Max Reger Edition: Sämtliche Orgelwerke
Martin Schmeding, organ
Cybele Records. Cybele 175 051500. 16+1 SACDs. 19h 24’36
Max Reger (1873-1916) was one of the most distinguished German musicians of the 19th century and a prolific composer, organist, pianist, conductor, and teacher. After time in Weiden and Munich he moved to Leipzig as musical director at the Leipzig University Church, professor at the Leipzig Royal Conservatory and, later, as music director to the court of Duke of Saxe-Meiningen and the Meiningen Court Theatre. Despite an enormous output of everything short of an opera, he is best known today for his organ music.
He is one of those organ composers that can bring out strong feelings in the rather cloistered world of organ players and listeners. He is frequently misunderstood in terms of his musical language; the sheer bombastic enormity of many of the pieces disguising the fact that they are often essentially an extension of mainstream Baroque compositional ideas, notably those of his hero Bach, a composer he regarded as ‘the beginning and end of all music‘. To the detailed counterpoint of Bach, he added the structural integrity of Beethoven and Brahms and the advanced harmonic language of Wagner and Liszt
If you want to listen in chronological order, you will have to do a lot of juggling with CDs (or download and make your own playlist), as they are not presented in anything like that order. I assume this is because most of the CDs have previously released as single discs – they are actually in the order of recording, from 2014 to 2016. If you have already bought enough of them, you can exchange what you have for this new complete set. The first CD includes some of his most dramatic and mature symphonic pieces: the Fantasy and Fugue on BACH, Introduction and Passacaglia in D minor, Symphonic Fantasia and Fugue, and the Second Sonata in D minor. But as an introduction to the organ, that first CD is a good way to start. If you, your speakers/headphones, and your neighbours survive those pieces, you should be able to get through the other 15 CDs without mishap.
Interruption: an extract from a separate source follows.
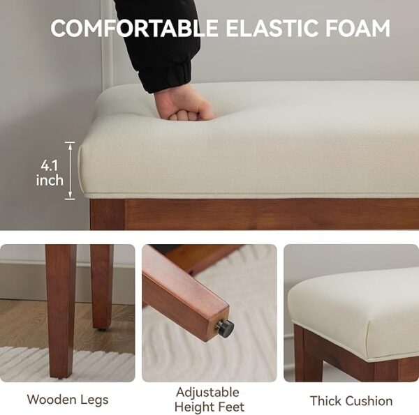 • Comfortable Seating with Thick Premium Cushioning: Designed with 4.1-inch high-density foam,this bed bench delivers exceptional comfort and support.Its thick cushion provides a plush,relaxing seating experience, making it perfect for bedrooms,entryways,or living spaces.

In recoiling at the sheer power of Reger at full blast, it is easy to overlook his smaller and more intimate pieces, although they are just as important a part of his output and are far more approachable to the vast majority or organists. Many are collected together in published groups.
This brings me to one of the most important aspects of these recordings – the organs used. Ranging in date of original construction from 1862 to 1911, and mostly by Sauer or Walcker, they span Reger’s lifetime and reflect the organs that he was playing and composing for. there are many recordings of Reger on modern instruments but, however impressive they might sound, to hear Reger on these German romantic/symphonic organs is a revelation. Each programme has been specially geared toward the organ used, and only one CD uses more than one organ (CD 13, with three organs). Considering that this is the anniversary of Reger’s death, it is perhaps fitting that the last two CDs are recorded in his own Leipzig on the Thomaskirche and Nikolaikirche organs.
Martin Schmeding’s playing is magnificent, technically and musically, as is his choice of organs and the music that would best suit them. He avoids the temptation of imposing too much of his own musical personality on the music, allowing Reger to be in the forefront. Speeds are kept within a sensible range, balancing the technical complexity of the music with the acoustic of the various churches – all of which have sympathetic acoustics. He control over the mechanics of the organs is exemplary, ranging from his ability to achieve seamless crescendos to his control of articulation
The recording quality is outstanding, with an extraordinary dynamic range that will test your audio system to the full, in whatever of the various recording formats you are using. Volumes can range from ear-splitting, neighbour-annoying to barely audible. And, to do justice to the organs, and the music, you need a volume setting that will cope with both. Reger is renown for ‘false endings’ which rarely fails to surprise live audiences who, after the build up to an enormous climax realise, as their applause dies down, that another ppp section is well under way.
The collectors box (128x182x49mm) contains the 17 SACDs together with a detailed 172-page booklet with 60 coloured illustrations in German and English. The programme notes are comprehensive and excellent, with English and German on opposing pages, and with details and specifications of the organs given at the end of the notes for each CD. The 17th CD is an interview with Martin Schmeding, all in German. The CDs each contain three different versions of the recordings: normal one-dimensional stereo, two-dimensional SACD multichannel surround sound, and three-dimensional 3D artificial head binaural-stereo, the latter intended for headphone listening with the extraordinarily expense hd-klassik Headphone Optimiser.
I will leave you to find out how much this massive collection costs.